- Theatrical release poster
- Directed by: Ufuoma McDermott
- Written by: Ufuoma McDermott
- Produced by: Ufuoma McDermott
- Starring: Ufuoma McDermott Chioma Chukwuka Zack Orji Sola Sobowale Deyemi Okanlawon Mary Lazarus Odenike Odetola Gregory Ojefua
- Edited by: Jude Legemah
- Music by: Kolade Morakinyo
- Production company: The USM Company
- Distributed by: Silverbird Distribution Company
- Release date: 24 November 2017;
- Running time: 102 minutes
- Country: Nigeria
- Language: English

= Christmas Is Coming (film) =

2017 Nigerian film

Christmas Is Coming is a 2017 Nigerian romantic comedy film starring Ufuoma McDermott, Chioma Chukwuka, Deyemi Okanlawon, Zack Orji and Sola Sobowale. The film was written and directed by Ufuoma McDermott.

==Synopsis==
Henri Atta is a tomboy who suffers a string of misadventures after undergoing a makeover by her flatmates; Avia and Nene a few days to Christmas, which also coincides with her big pitch at the office.
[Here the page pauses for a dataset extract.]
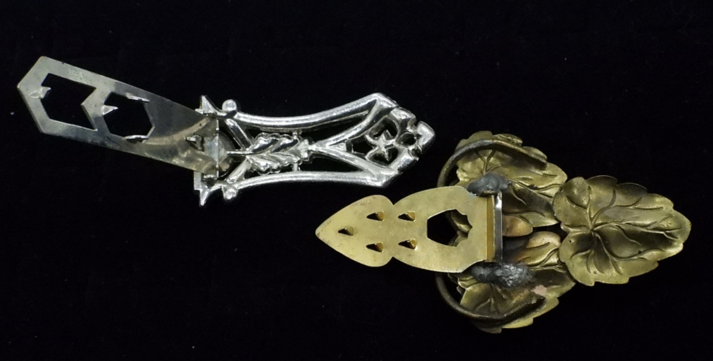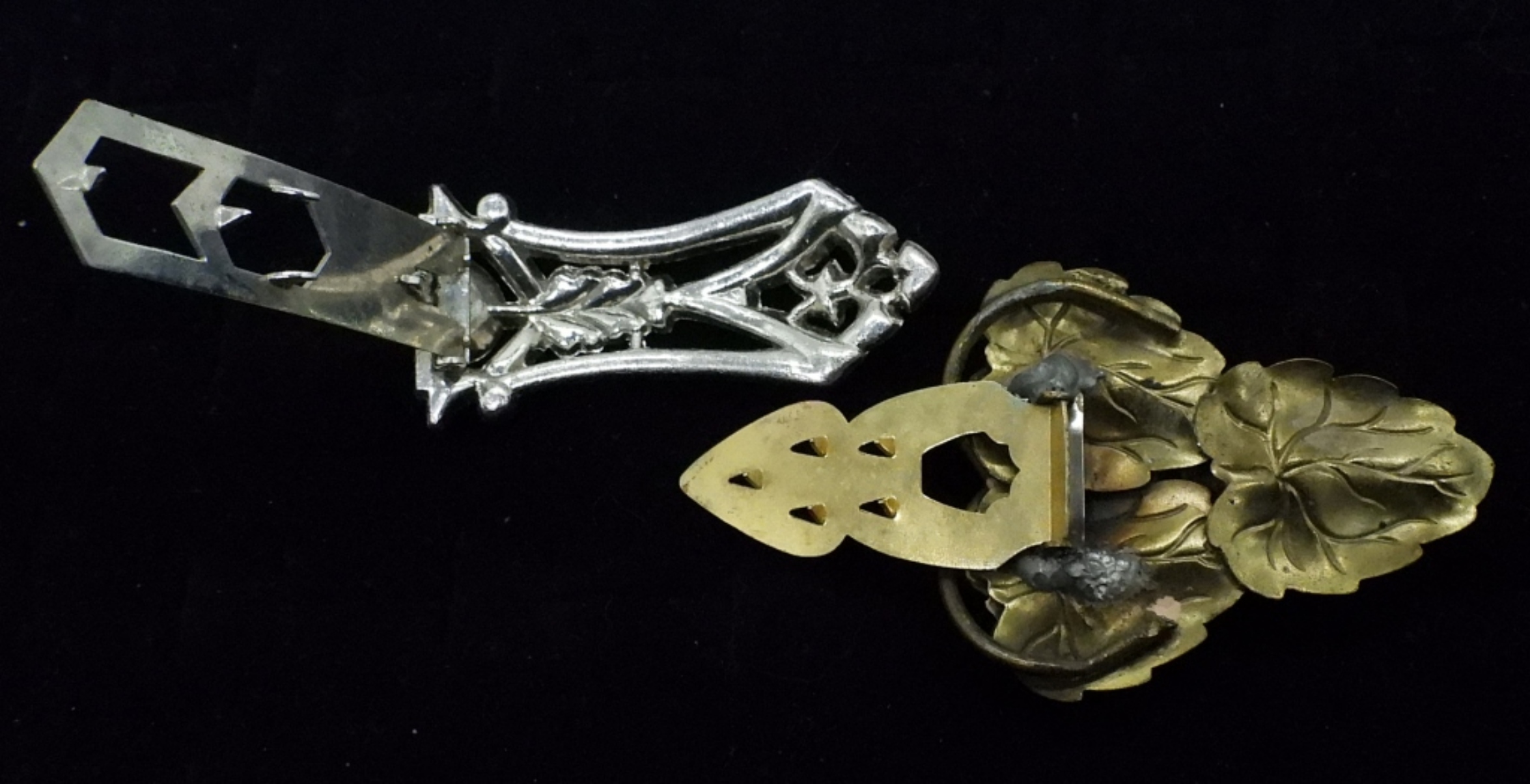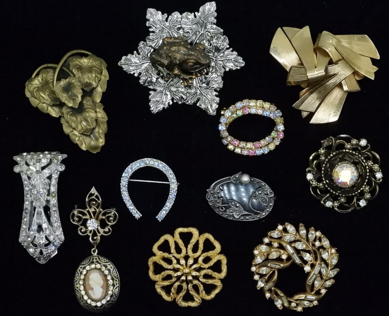 ELEVEN VINTAGE GOLD AND SILVER TONE BROOCHES & CLIPS. LARGEST IS 2.5″
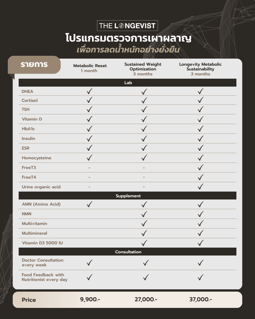 The Longevist Clinic มีโปรแกรมตรวจหลากหลายรูปแบบ

Henri is given a hard time during her pitch, which is further exacerbated by the antics of her colleague Lola Makinde.

The story takes a turn, when Henri unwittingly falls in love with her boss Koko Williams.

==Cast==

- Ufuoma McDermott as Henri Atta
- Sola Sobowale as Mrs. Atta
- Chioma Akpotha as Lola Makinde
- Zack Orji as General Atta
- Deyemi Okanlawon as Koko Williams
- Mary Lazarus as Avia
- Gregory Ojefua as Mr. Esan
- Michael Okon as Harry
- Izzie Otaigbe as Izzie Otaigbe
- Odenike Odetola as sales clerk
- Amanda Oruh as Chika Eze
- Ray Adeka as Osaretin Ida

==Production and release==

Ufuoma McDermott revealed that she began writing the story for the film in 2013, while principal photography began in early 2017 and the trailer was released on 24 October 2017. The film premiered at the Filmhouse IMAX Cinemas, Lekki on 18 November 2017, and pre-release tickets were sold, before the film was released in cinemas across Nigeria on 24 November 2017.

==Critical reception==
Pulse Nigeria reported that actor Richard Mofe-Damijo remarked upon seeing the film "I love it! I love the movie." The general consensus on the site was that Christmas Is Coming will "get you reeling with laughter but also get you mildly tensed because of the suspense all packed up in the final scenes."